Performance Evaluation and Anomaly detection in Mobile BroadBand Across Europe
Autor(es)
Moulay, MohamedSupervisor(es)/Director(es)
Mancuso, VincenzoFecha
2022-07-20Resumen
With the rapidly growing market for smartphones and user’s confidence for immediate access to high-quality multimedia content, the delivery of video over wireless networks has become a big challenge. It makes it challenging to accommodate end-users with flawless quality of service. The growth of the smartphone market goes hand in hand with the development of the Internet, in which current transport protocols are being re-evaluated to deal with traffic growth. QUIC and WebRTC are new and evolving standards. The latter is a unique and evolving standard explicitly developed to meet this demand and enable a high-quality experience for mobile users of real-time communication services. QUIC has been designed to reduce Web latency, integrate security features, and allow a highquality experience for mobile users.

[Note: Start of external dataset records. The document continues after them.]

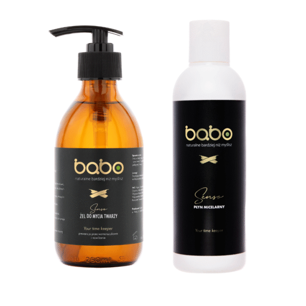 Ostatnie zestawy – żel do mycia w szklanej butelce 250ml oraz Płyn micelarny Senso w 200ml opakowaniu. Płyn micelarny – krótka data. Żel do mycia twarzy – 07.2026
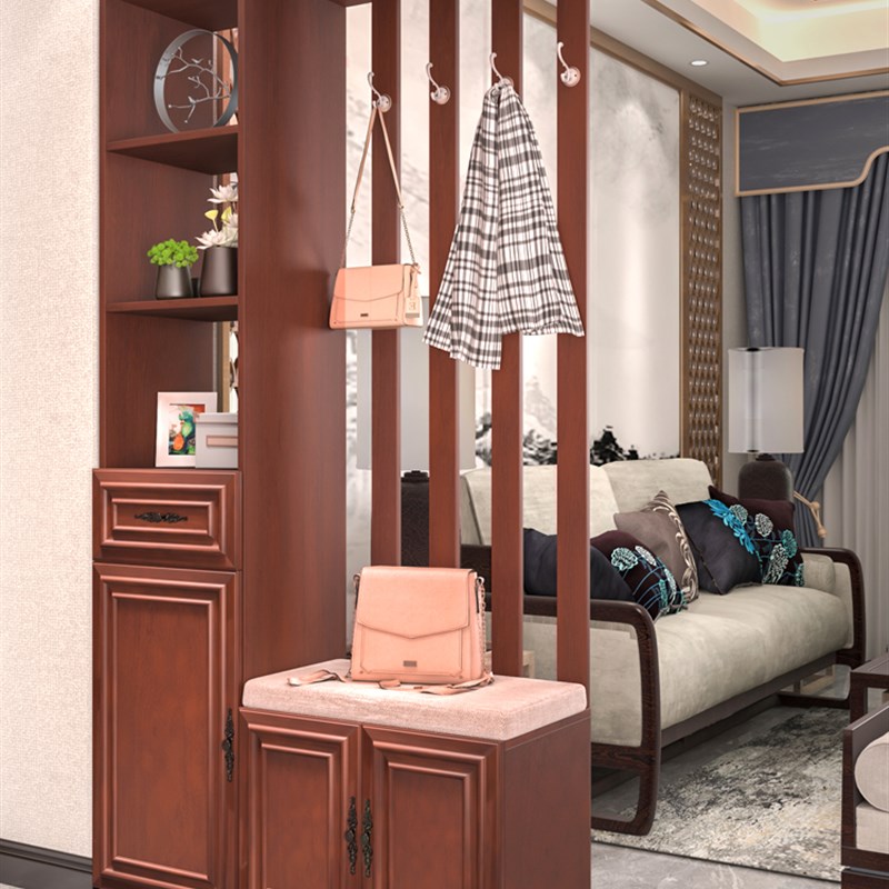 新中式轻奢玄关柜进门屏风鞋柜一体入户门厅衣帽架客厅玄幻隔断柜
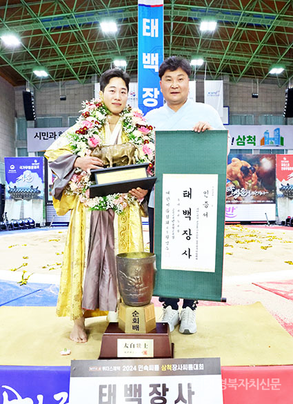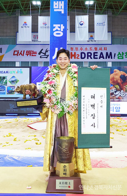 »ïôÀå»ç¾¾¸§´ëȸ¡¯ ŹéÀå»ç(80kgÀÌÇÏ)¿¡ µî±ØÇÑ Á¤¹Î±Ã(ÀÎõ±¤¿ª½Ãû)ÀÌ Àå»çÀÎÁõ¼¿Í Ȳ¼ÒÆ®·ÎÇǸ¦ µé°í ±â³ä»çÁøÀ» Âï°í ÀÖ´Ù.
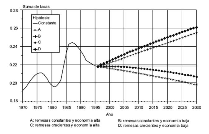 Ahora bien, respecto a las simulaciones de escenarios alternativos de desarrollo se supuso que: 1) el nuevo modelo económico sería estimulado por el TLC y podría retomar la senda de crecimiento alto y sostenido, como el observado durante 1954-1970; a este escenario se le denominó de "economía alta"; 2) en el segundo escenario, denominado "economía baja", se supuso un desempeño económico errático como el observado desde 1985. Cada escenario fue combinado con dos hipótesis sobre el comportamiento futuro de las remesas: a) el monto de las remesas se mantiene constante a partir de 1996; b) el monto de las remesas se incrementa de acuerdo con una función logística.4 Un último escenario, utilizado como referencia, es calculado manteniendo constantes las tasas de emigración estimadas para 1996.
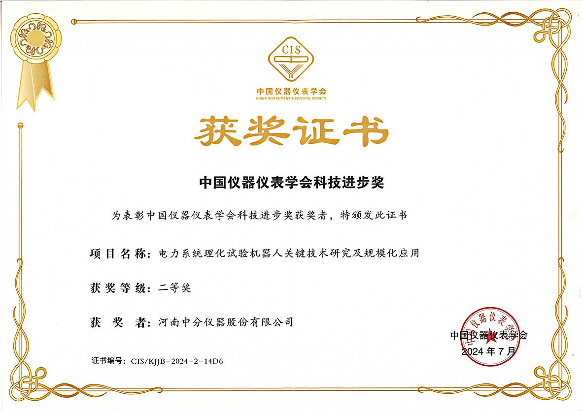 近日,我公司參與的《電力系統(tǒng)理化試驗(yàn)機(jī)器人關(guān)鍵技術(shù)研究及規(guī)模化應(yīng)用》榮獲中國(guó)儀器儀表學(xué)會(huì)2024年科技進(jìn)步二等獎(jiǎng)。
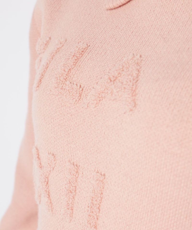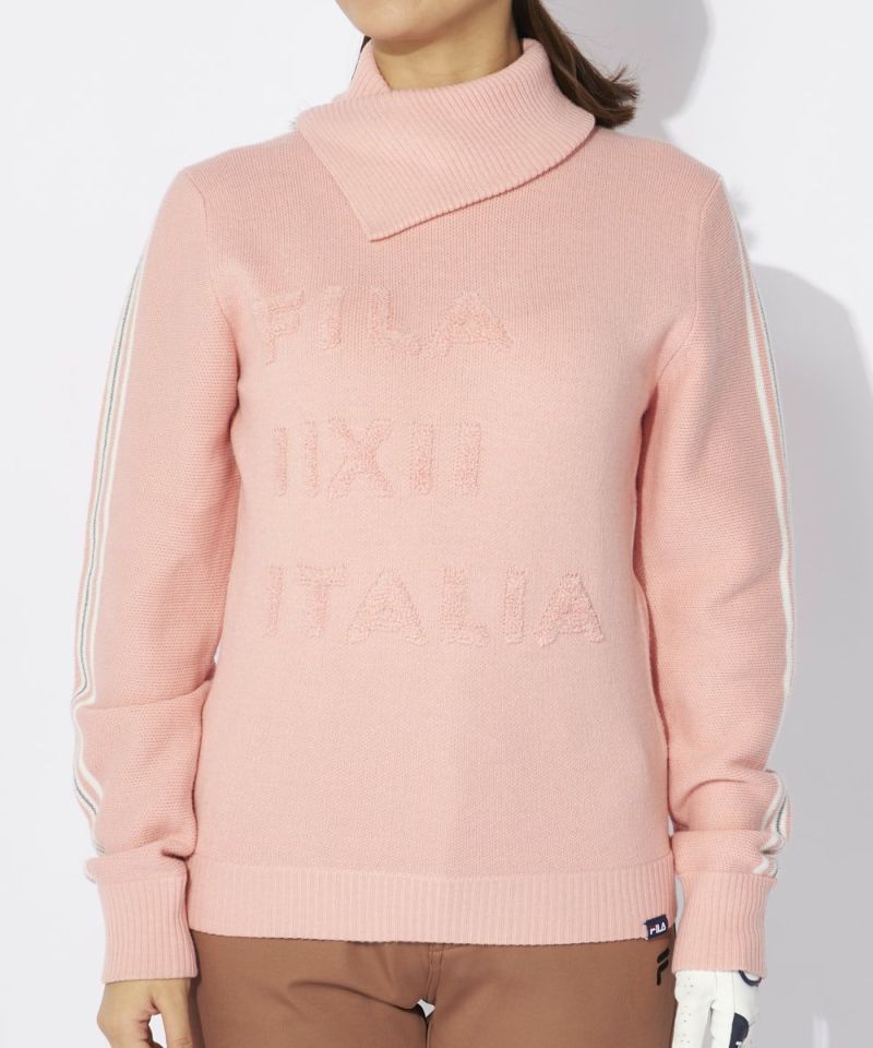 変形ショールカラーが特徴的なセーター。立体感のあるパイルジャガードでグラフィックを表現。

Thus, the need to evaluate the performance of these rising protocols in a non-systematic environment is essential to understand the behavior of the network and provide the end user with a better multimedia delivery service. Since most of the work in the research community is conducted in a controlled environment, we leverage the MONROE platform to investigate the performance of QUIC and WebRTC in real cellular networks using static and mobile nodes. During this Thesis, we conduct measurements ofWebRTC and QUIC while making their data sets public to the interested experimenter. Building such data sets is very welcomed with the research community, opening doors to applying data science to network data sets. The development part of the experiments involves building Docker containers that act as QUIC and WebRTC clients. These containers are publicly available to be used candidly or within the MONROE platform. These key contributions span from Chapter 4 to Chapter 5 presented in Part II of the Thesis.

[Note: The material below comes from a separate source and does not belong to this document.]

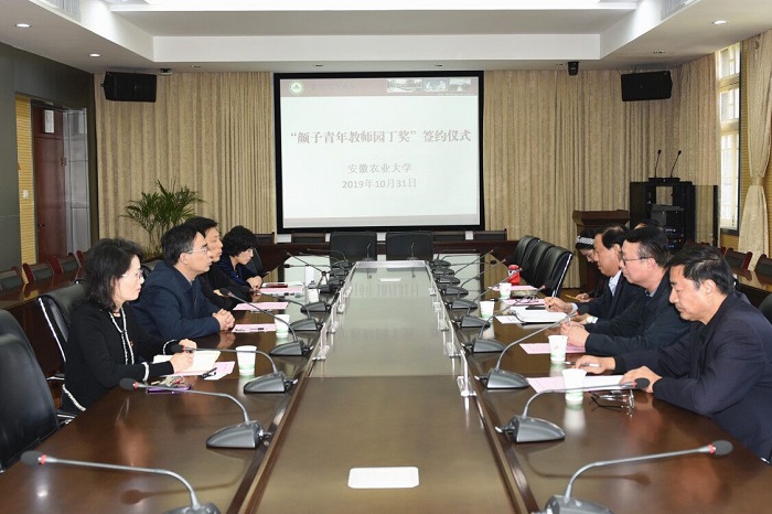 本网讯10月31日上午,我校“颜子青年教师园丁奖”签约仪式在校第三会议室举行,校党委常委、副校长朱立军、相关职能部门负责人以及安徽省现代农业发展中心主任颜继贵一行五人出席了签约仪式。会议由党委教师工作部副部长王琼主持。
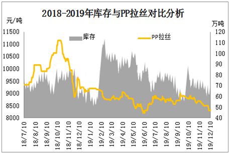 2019年12月庫存顯示整體呈現(xiàn)震蕩下滑趨勢,整體庫存維持在60-70萬噸/年,但全球經(jīng)濟偏弱運行及國內(nèi)實體企業(yè)訂單力度不及預(yù)期,市場原料消耗力度受到制約。同時2019年P(guān)P新一輪擴能高峰期再次來臨,浙江石化及大連恒力等大型聚烯烴裝置落地試運行,市場供需壓力更加凸顯,加快現(xiàn)貨市場拉絲下挫壓力。

We exploit data collection from MONROE to apply data science over network data sets, which will help identify networking problems shifting the Thesis focus from performance evaluation to a data science problem.
Indeed, the second part of the Thesis focuses on interpretable data science. Identifying network problems leveraging Machine Learning (ML) has gained much visibility in the past few years, resulting in dramatically improved cellular network services. However, critical tasks like troubleshooting cellular networks are still performed manually by experts who monitor the network around the clock.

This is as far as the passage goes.